Celebrate Your Mistakes

Hylla misstagen

Many years ago, I watched a television program featuring an English watercolor artist. I believe it was Alwyn Crawshaw demonstrating how to paint in watercolor. Yes, programs like that were actually shown on television back then!

He was painting a still life with various fruits. In the foreground was a yellow banana, and beside it lay a few plums. He painted the banana first and then moved on to the dark purple plums. While working on the plums, the tip of his brush accidentally touched the freshly painted banana, and the dark violet pigment flowed into the yellow wash.

He could have tried to save the painting. He could have blotted the paint away or removed it with a paper towel, most likely with disastrous results. Instead, he exclaimed: “Look how beautifully the color spreads.”

Then he simply carried on painting as if nothing had happened. The finished painting turned out beautifully.

Most participants in my watercolor classes would immediately try to rescue the banana from being invaded by that almost black color. Most likely, the result would have been a dull and lifeless patch of paint. Attempts at rescue almost always produce something far worse than the mistake they are meant to correct.

Backruns often provoke the same reaction in my classes. Students immediately try to repair them, especially when they appear in a sky or another smooth, even wash. It almost never works well. If the paint is still wet, a new backrun will form around the repaired area. If the paint has already dried, the color becomes washed out and lifeless. More often than not, it is better to leave the backrun alone—it may actually look quite beautiful.

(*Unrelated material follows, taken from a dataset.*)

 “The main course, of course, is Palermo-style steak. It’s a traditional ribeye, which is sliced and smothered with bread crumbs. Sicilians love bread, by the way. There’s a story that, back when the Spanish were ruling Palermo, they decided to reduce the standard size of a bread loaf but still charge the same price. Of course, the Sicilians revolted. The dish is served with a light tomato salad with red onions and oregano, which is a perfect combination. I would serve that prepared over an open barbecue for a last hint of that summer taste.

The same principle applies to crooked lines, unfortunate color choices, and other mistakes. Trying to correct a crooked line by painting a straight one over it rarely works. Let the first brushstroke stand, even if the house ended up leaning or the tree branch became too thick. A spontaneous, slightly crooked line is almost always better than one that has been corrected and painted over.

If you are painting a pear and accidentally make it too red, do not immediately reach for a cloth or a paper towel to remove the paint. Chances are that you will kill the freshness of the color. It becomes even worse if the pear has already started to dry. Blotchy and uninspiring colors are often the result of such repairs. A pear that is too red is still better than a dull pear.

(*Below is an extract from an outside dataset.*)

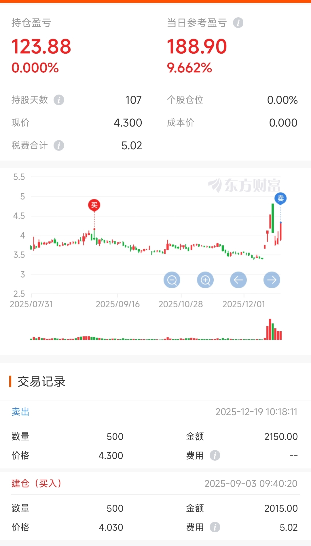 买了107天,一直亏本,今天直接看到挂了涨停,谁知道居然成了,落袋为安
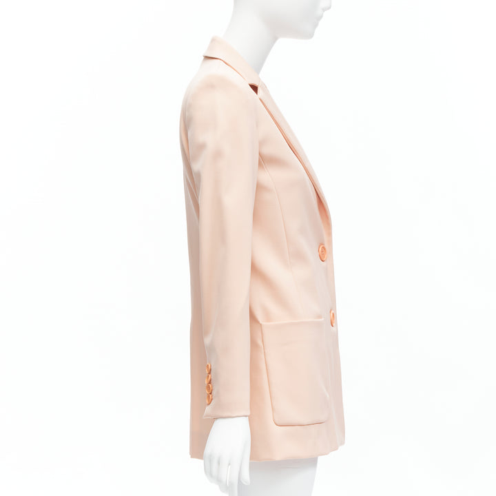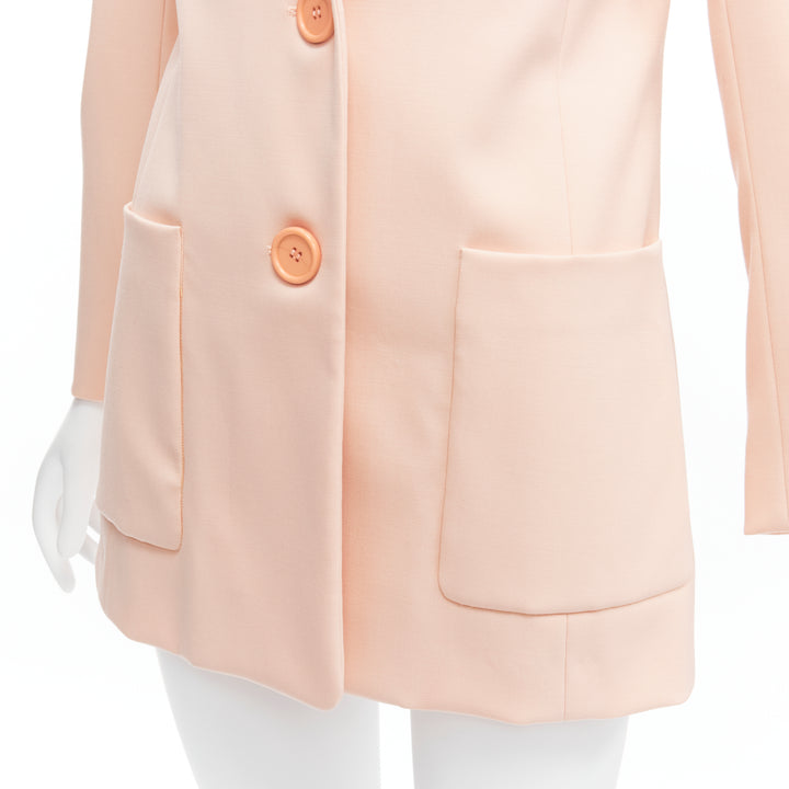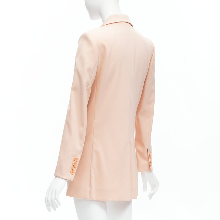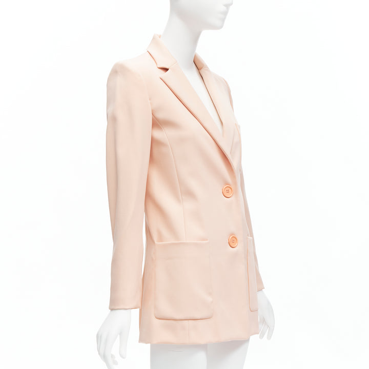 OSCAR DE LA RENTA 2018 blush pink virgin wool 3 pocket longline blazer jacket US0 XS

Nor does it usually work well to scrub away the wrong color in order to replace it with another. Granulating colors, in particular, do not respond kindly to such treatment. What remains on the paper is rarely attractive. Colors lose both their brilliance and their transparency when they are removed and painted over.

Watercolor is an unforgiving medium. Attempts to repair mistakes rarely succeed. Yet the mistakes we allow to remain—for everyone makes them—can help make a watercolor painting spontaneous, lively, and beautiful.

Perhaps that is precisely why they sometimes become the strongest parts of the painting.

So the next time you paint a crooked doorframe, give an apple the wrong color, or let a tree bleed into the sky because you were too impatient to wait for the paint to dry, leave the mistake alone. The painting will most likely be better than if you try to fix it.